Олива Денаро
– Ноги твои я целую, моя королева. Роза, роза свежая...
Губы медленно взбираются выше, к лодыжке, он тянет меня к себе. Я вцепляюсь в бортик кровати, внезапно обнаружив, насколько устала, обессилела.
– Разве могла подобная красавица достаться тому, кто её даже не видит? Едва я узнал, что ты помолвлена со слепцом, тут же решил тебя спасти, – его руки добираются до подола юбки, касаются моих колен. – Принцесса среди свинопасов, – бормочет он, снова бросаясь целовать лодыжки, икры. Потом, схватив меня за бёдра, тянет, рвёт что есть силы. Пальцы разжимаются сами собой, и я скольжу к нему, как баббалуча, лишённая раковины. Его лицо так близко, что я чувствую сладковатый запах жасмина.
– Если отпустишь, я никому ничего не скажу, – шепчу я. – Просто вернусь домой, тихо-тихо.
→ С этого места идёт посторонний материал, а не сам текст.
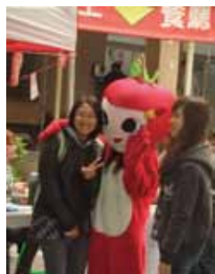
▲同學與蘋果英雄開心合影

今年在蘋果節系列活動中，學生會特別精心設計了許多有趣的闖關遊戲，像是「蘋果 DO RE MI」、「蘋果配對黏黏樂」、「蘋果投籃」、「蘋果肢體大考驗」等，讓大家更能參與這次的遊戲，增進同學間的交流，凝聚學生們的情誼。同時學生會也大放送，只要是前十五名完成全部闖關遊戲的同學，就可以得到神秘歌手的正版簽名CD乙張！另外更可以跟這次蘋果節的特別大使「蘋果英雄」免費合照一張拍立得，是不是很划算呢，參加過的同學都說真的是非常超值喔！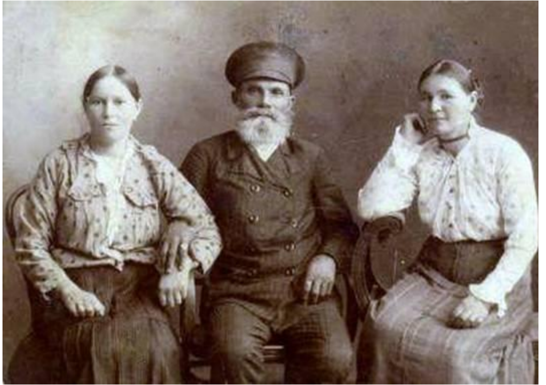
Семья астраханского казака. Фото начала XX века.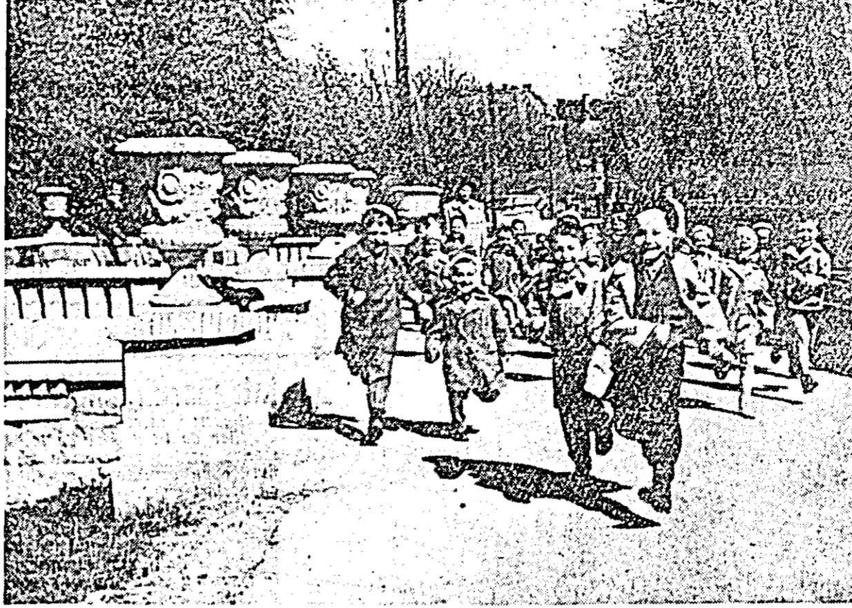
Zi însorită de primăvară. Sburdalnici și plini de voie bună, copiii din căminul de zi al cooperativei „Artex”...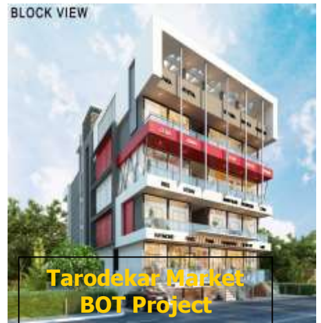
Tarodekar Market BOT Project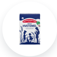
Norgesmøllene Hvetemel siktet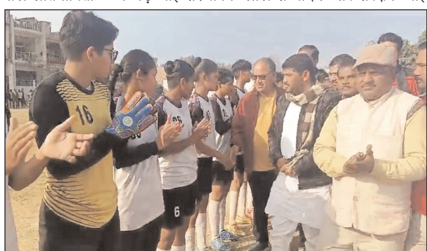
वाराणसी की पांच बेटियां राष्ट्रीय खेलों में भाग लेंगी।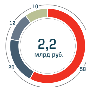
Структура прочих расходов, %

В рамках реализации Концепции по управлению непрофильными активами Компании в 2016 году произведена безвозмездная передача в муниципальную собственность низколиквидных активов, имеющих в большей степени социальное назначение (объекты ЖКХ, здравоохранения, образования Амурской области, а также автодорожные путепроводы и объекты дорожной инфраструктуры в Республике Татарстан и Вологодской области), с остаточной стоимостью 2,2 млрд руб.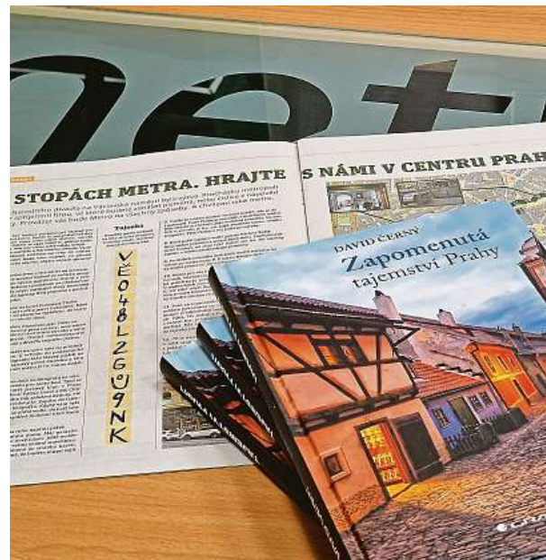
Moc nás to bavilo. Nejčastější slova chvály od našich čtenářů. Moc děkujeme. Další hry vám chystáme. Třem vylosovaným posíláme knihu o tajemstvích Prahy, kterou nedávno vydala Grada.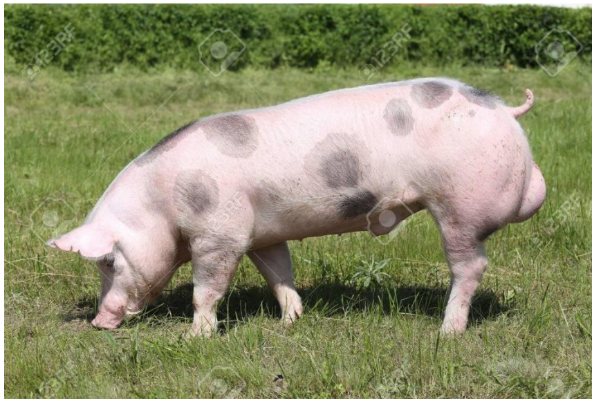
Slika 5. Nerast pasmine pietren

Pietren je belgijska pasmina nastala sredinom 20. stoljeća. Stvorena je sa ciljem dobre mesnatosti te su kod ove pasmine dobro razvijeni najkvalitetniji dijelovi trupa. Pietren je svinja srednje veličine, uglavnom pokrivena karakterističnim crnim pjegama nepravilnog oblika. Pored toga postoji svijetla varijacija bez pjega. Šunke i ramena su veoma dobro razvijeni, a u odnosu na ostale pasmine svinja ima kraće noge. Zahvaljujući tome djeluje zdepasto. Zanimljiva je karakteristika da pietren svinje nose uši uspravno i to je karakteristično za čistu pasminu.

– Выйдя отсюда, ты будешь моей женой. К счастью для тебя... и для меня, – усмехается он.
Я лежу навзничь на кровати, по-прежнему закутанная в материну шаль, и не двигаюсь. Сквозь щель под крышей острой иглой проникает холодное рассветное солнце, освещая его потное лицо, расстёгнутую на груди белую рубашку, зачёсанные назад кудри, полуприкрытые глаза. Прижав мои руки к матрасу, он тянется ко мне, но едва в нос бьёт запах его кожи, я отворачиваюсь.
Если покойники застанут тебя неспящей, утащат за ноги прямо в могилу, говорила мать, и всё же я лежала под простыней, открыв глаза и навострив уши, чтобы услышать даже самый тихий звук. Говорила, мол, не боюсь покойников. Хочу их лица увидеть. И ничего плохого они мне не сделают.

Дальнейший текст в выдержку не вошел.